Disciplinary Proceedings Against Zoran Čegar In The Shadow of Criminal Investigations
Due to the criminal proceedings being conducted in BiH and Croatia against police chief Zoran Čegar for threats to reporters, the disciplinary proceedings initiated against him by the FUP for the same matter has been suspended.

Čegar is also on trial in Dubrovnik on charges of defrauding Darko Marković, the owner of Prožura, a yacht and car rental agency from the island of Mljet. According to the indictment of the Dubrovnik Public Attorney, in mid-2017, Čegar asked Marković to sell him an E-class Mercedes and a rubber boat, both property of the company. Čegar told him that he would pay him when he sold the land in Bosnia and Herzegovina (BiH), although he knew that he was not the owner but only the possessor of the land. He promised to reward Marković if his name did not appear in the contract.
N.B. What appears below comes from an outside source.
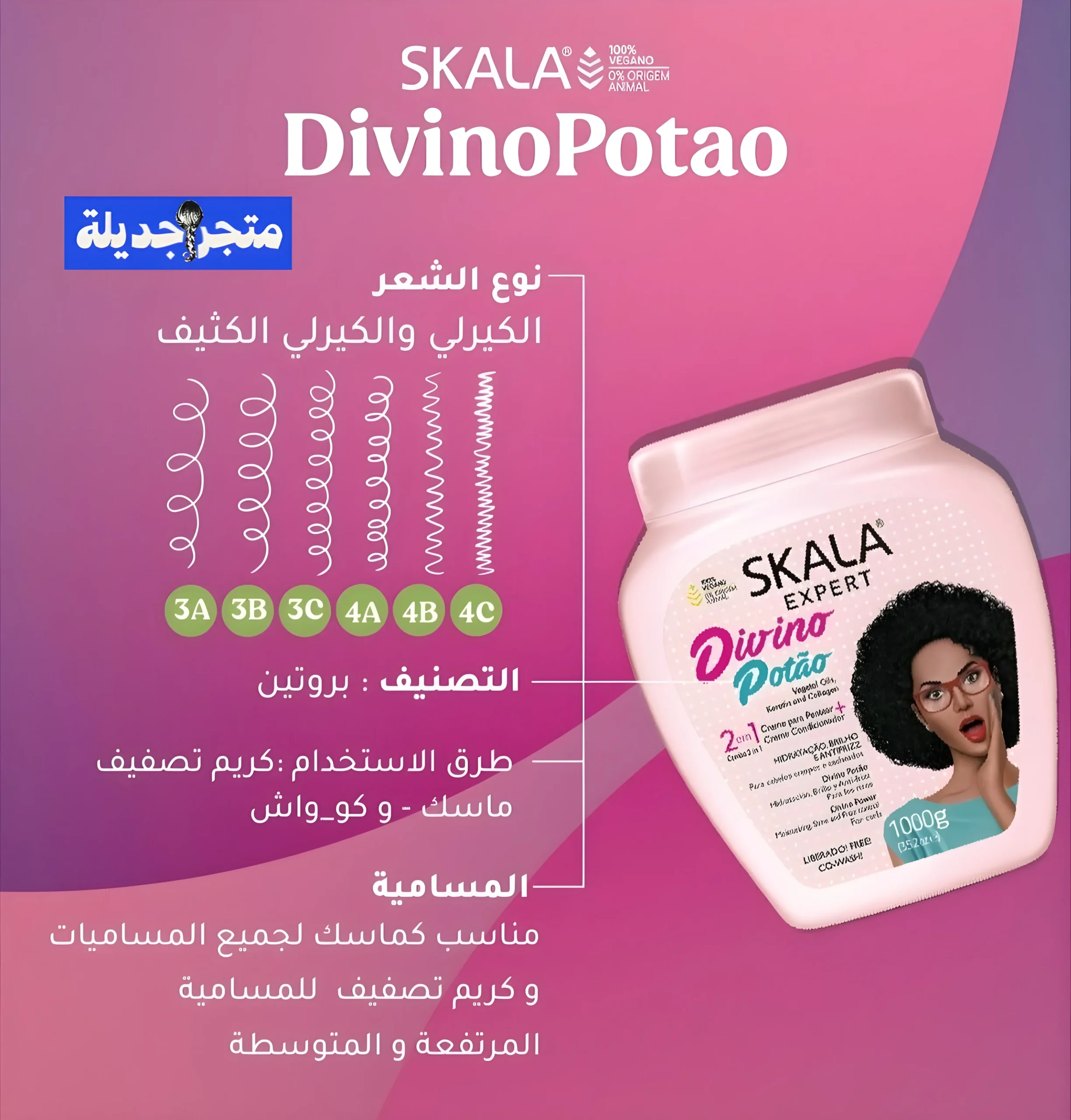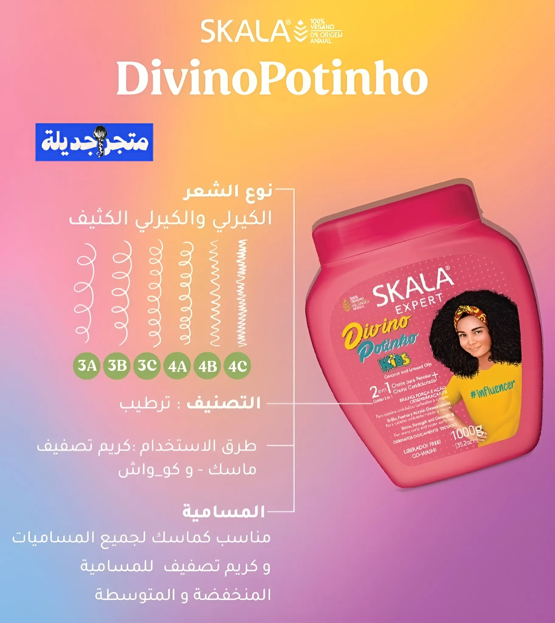 أصدرت سكالا العديد من المنتجات المناسبة والآمنة للأطفال لكن Skala Expert Divino Potinho 2 in 1 for Kids أفضل انواع كريم سكالا للشعر الكيرلي للاطفال.
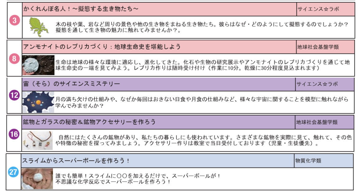 あと,最近の主要メンバーのRさん(小学3年)が,金沢大学で開催された「ふれててくてく」(サイエンス&テクノロジー/ふれてく2025)というイベントに参加してきたことを発表してくれました。お父さんが見せてくれたその時の画像を指し示しながら,石の展示がよかったらしく,うれしそうに話してくれました。また今回はRさんのお気に入りの一冊として『物語のある鉱物図鑑』(三才ブックス/\1800+税)も紹介してくれました。Rちゃんが参加したのは,次のようなブース。

He wanted to cover up this trade, claiming that he, as a high-ranking police officer, did not want to be associated with this business transaction.

Marković believed him and, along with a power of attorney, he handed over the vessel and the car that Čegar later sold. Instead of paying 20,000 euros, Čegar asked to buy another vessel for 40,000 euros, offering Marković in return a share of land in BiH, but Marković refused and asked for the money for the boat and car that he handed over.